No picture should appear in the copy. Transcribe exactly, and only, the lines from the one with "Sterling Silver Posts" through the last line of the data below.
----
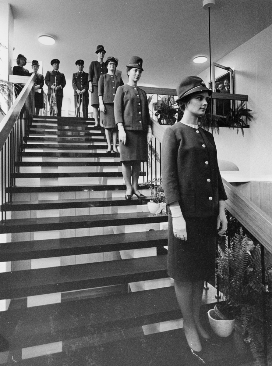 I entréhallens trappa paraderar postbankens värdinnor. Iréne Kvarzell, närmast, och Elsie Steen.
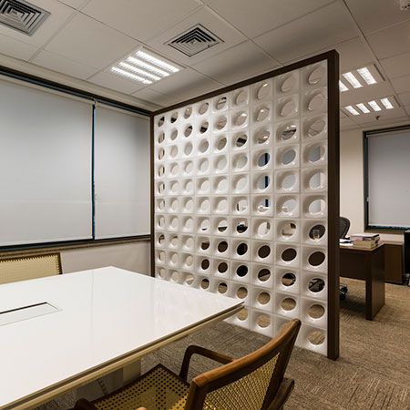 Las celosías decorativas vuelven a estar de moda. Este recurso decorativo, muy años sesenta, recobra nueva vida en los interiores de las oficinas modernas. La
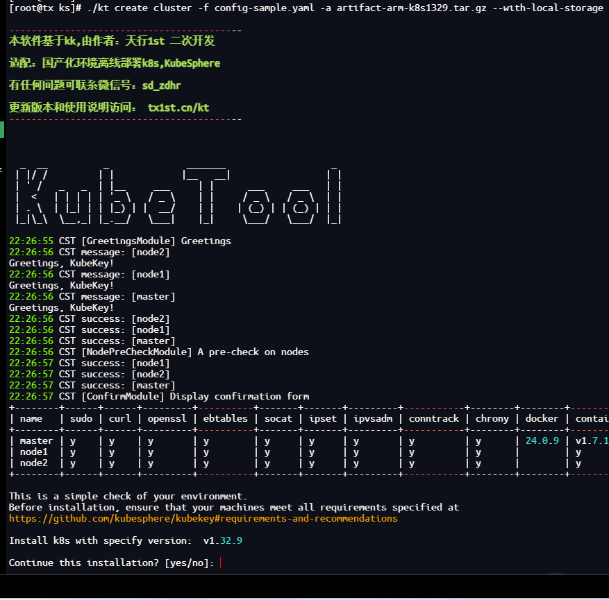 ./kt create cluster -f config-sample.yaml -a artifact-arm-k8s1329.tar.gz --with-local-storage
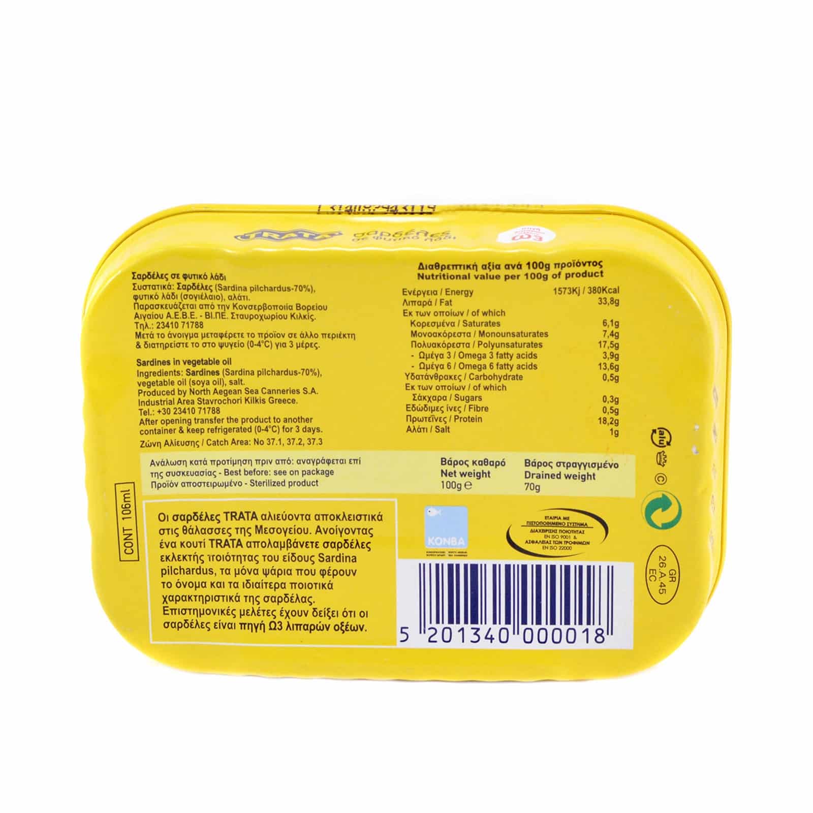 Trata Sardines in vegetable oil / Σαρδέλες σε φυτικό λάδι 100g
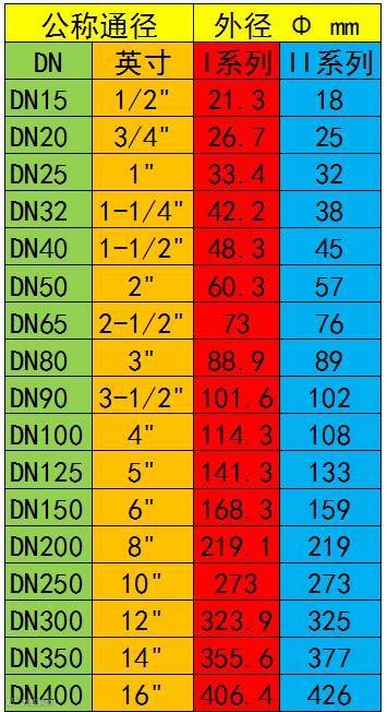 当然也有不一样的如3"*25=75这样四舍五入即DN80 还有一些带分号或小数点的英寸如1/2" 3/4" 1-1/4" 1-1/2" 2-1/2" 3-1/2"等,这些就不能那样算了,不过算也大致差不多,基本都是规定值:
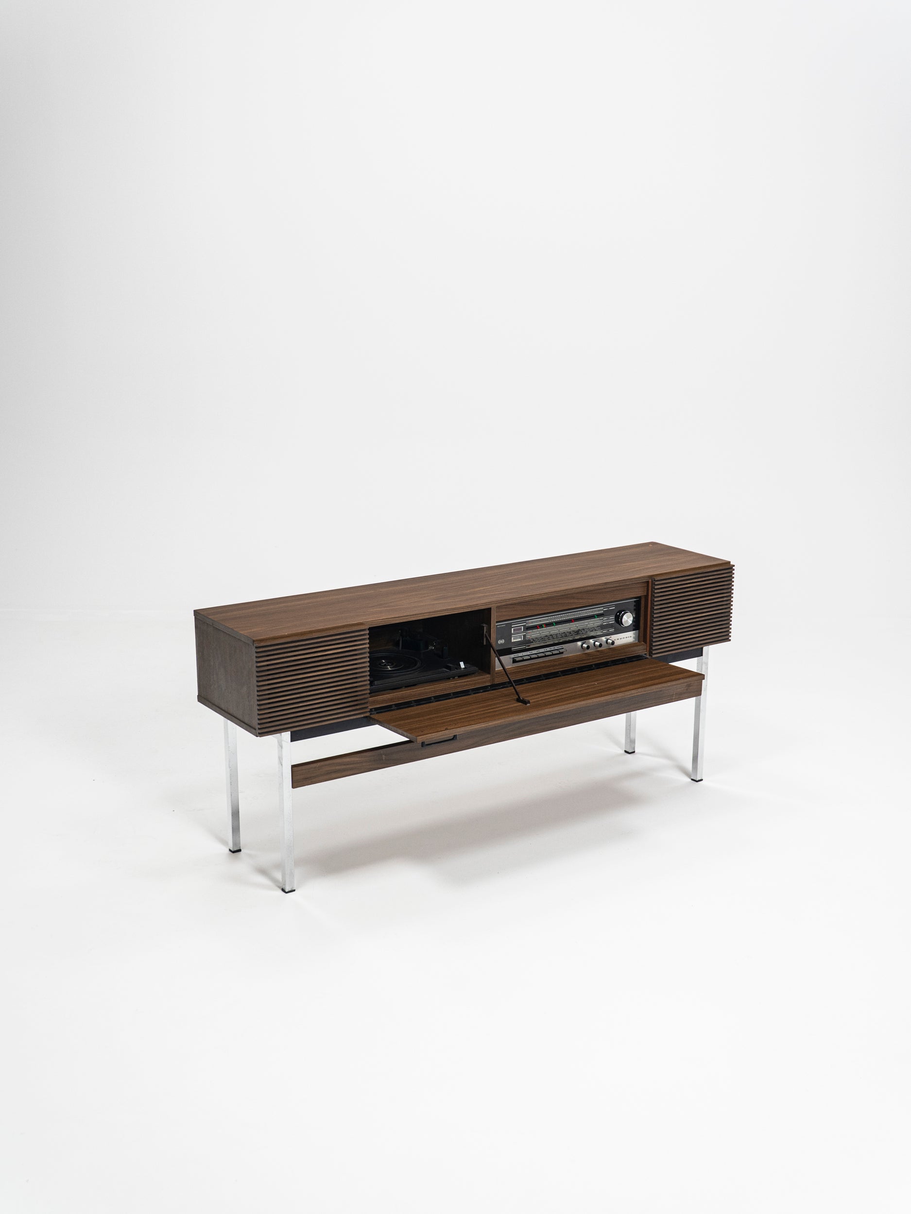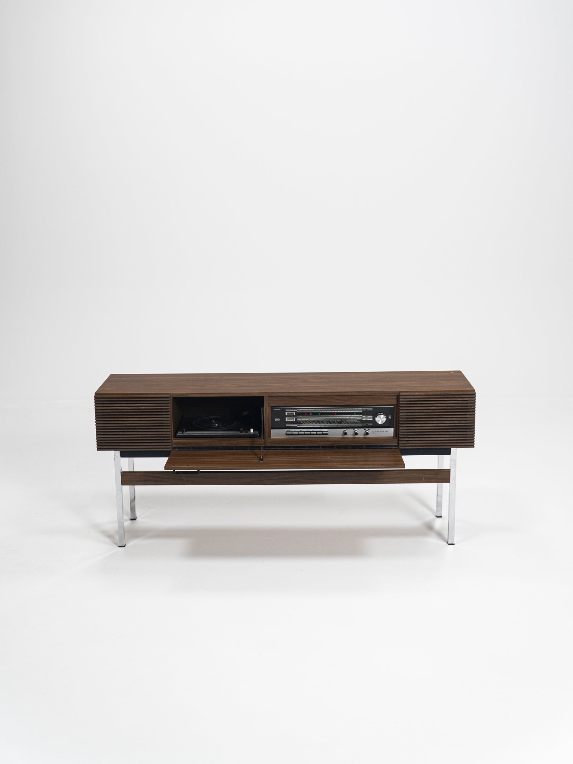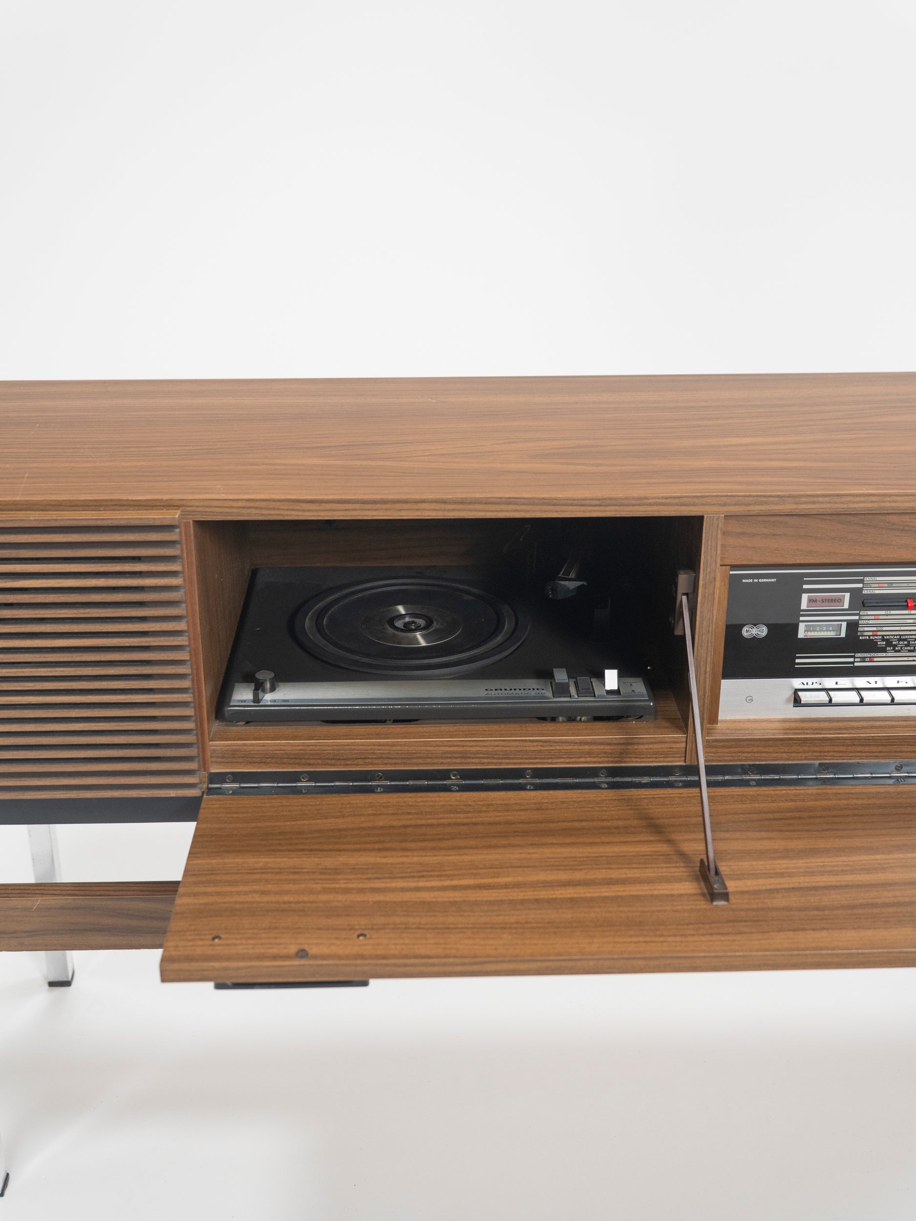 Nobody can deny that the 1970s yielded some of the most formidable electronics design, the best being West German. This Grundig audio sideboard, boasting a radio, record player and stereo speakers, is proof enough. Done in metal, wood veneer and black glass, this piece is all about slim, straight horizontal lines. The four control knobs and the turntable are about the only round shapes you'll encounter, as the 70s did away with the dreamy, fluid shapes of the previous decade, and established a more hard-nosed approach to life and, as we can see, design. Fifty years on, the machine lights up when you turn it on, but it needs an expert's touch in order to be fully working again.
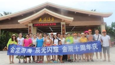 2013年9月18日-22日,金辰軟件有限公司組織員工開展“金龍游海辰光閃耀”海南雙飛五日游,第二天時值中秋和金辰公司成立10周年紀念,公司員工及家屬一行將近30人在海南度過了一個難忘的中秋。
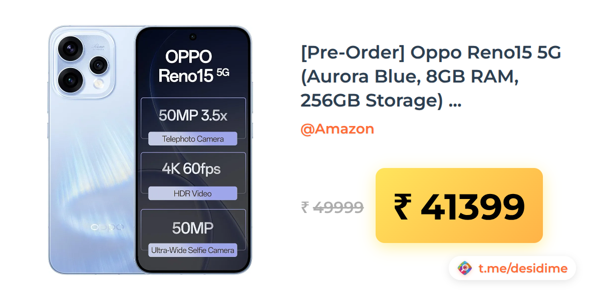 17% off on - [Pre-Order] Oppo Reno15 5G (Aurora Blue, 8GB RAM, 256GB Storage) with No Cost EMI/Additional Exchange Offers - Rs. 41399
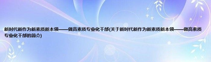 本文关于新时代新作为新素质新本领——做高素质专业化干部的简介就讲解完毕,希望对大家有所帮助。
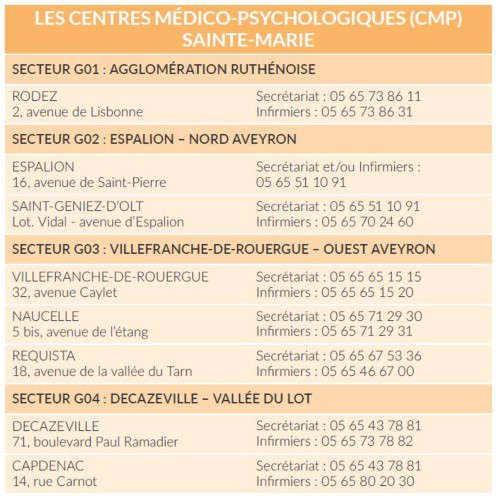 - 1 Centre médico-psychologique (CMP) à Rodez
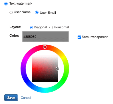 The watermark may be an image or text. If text is selected, you may choose between the user’s full name or email. Additional configurations are available for the font size, color, orientation, and transparency.
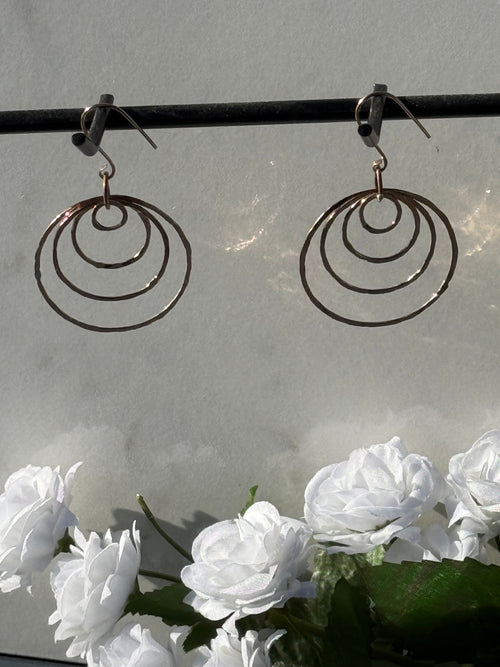 Sterling Silver Posts with Three Hammered Hoops -
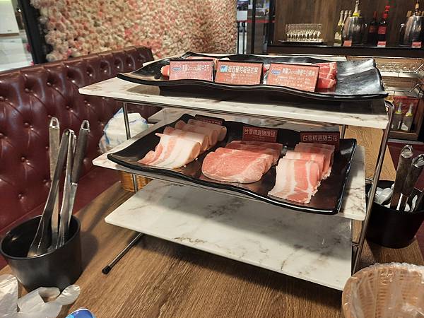 桌面旁有白鐵層架能讓肉盤疊高,充份節省了空間,即使叫一整桌也不會擺不下,所以可以放心的用力點大口吃了!
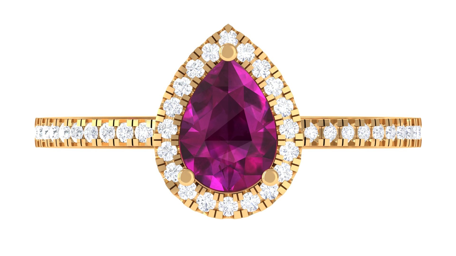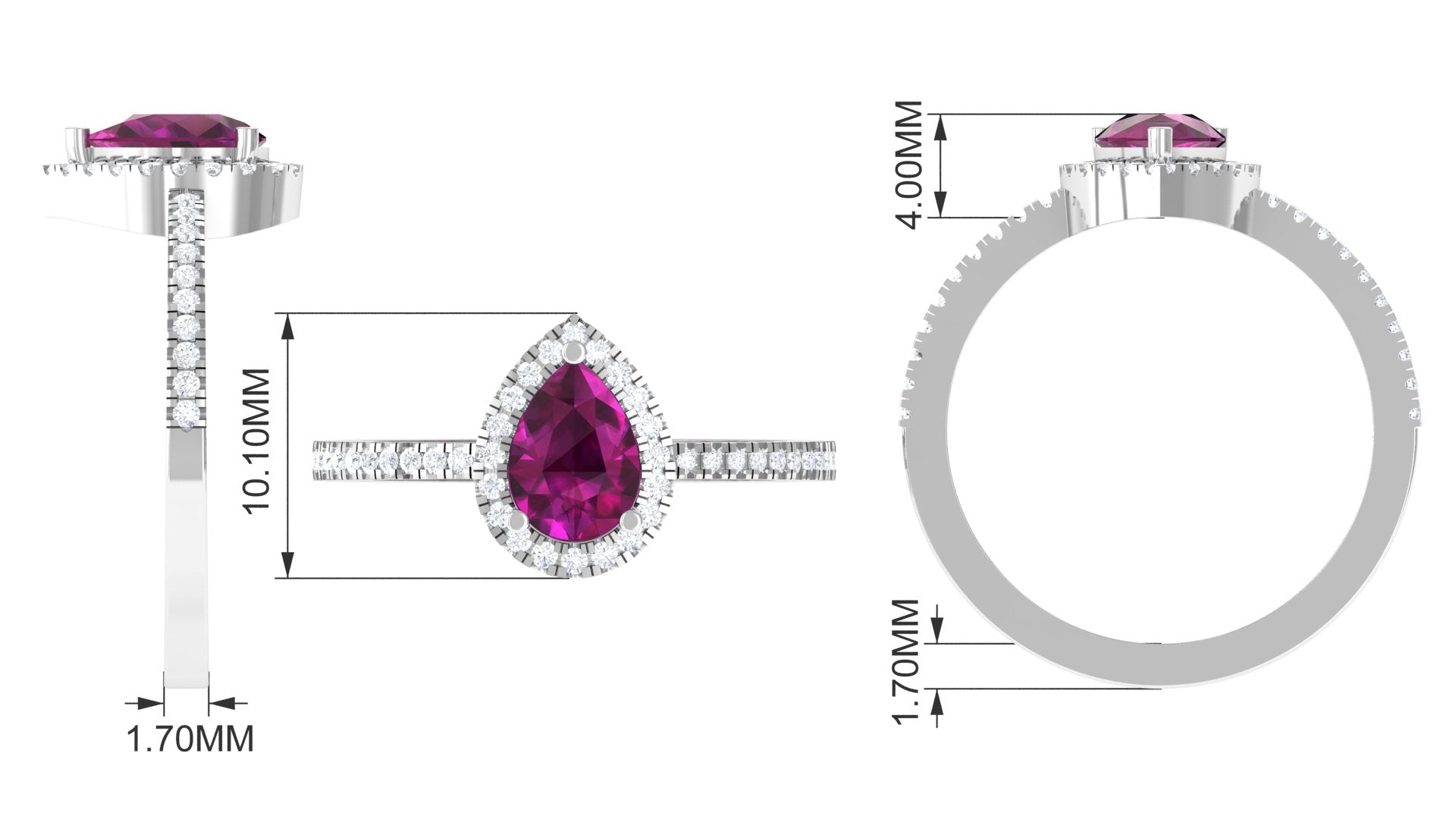 Natural Rhodolite Teardrop Halo Ring with Diamond
----
§ ANSWER TO THIS TASK
 Sterling Silver Posts with Three Hammered Hoops -
 桌面旁有白鐵層架能讓肉盤疊高,充份節省了空間,即使叫一整桌也不會擺不下,所以可以放心的用力點大口吃了!
 Natural Rhodolite Teardrop Halo Ring with Diamond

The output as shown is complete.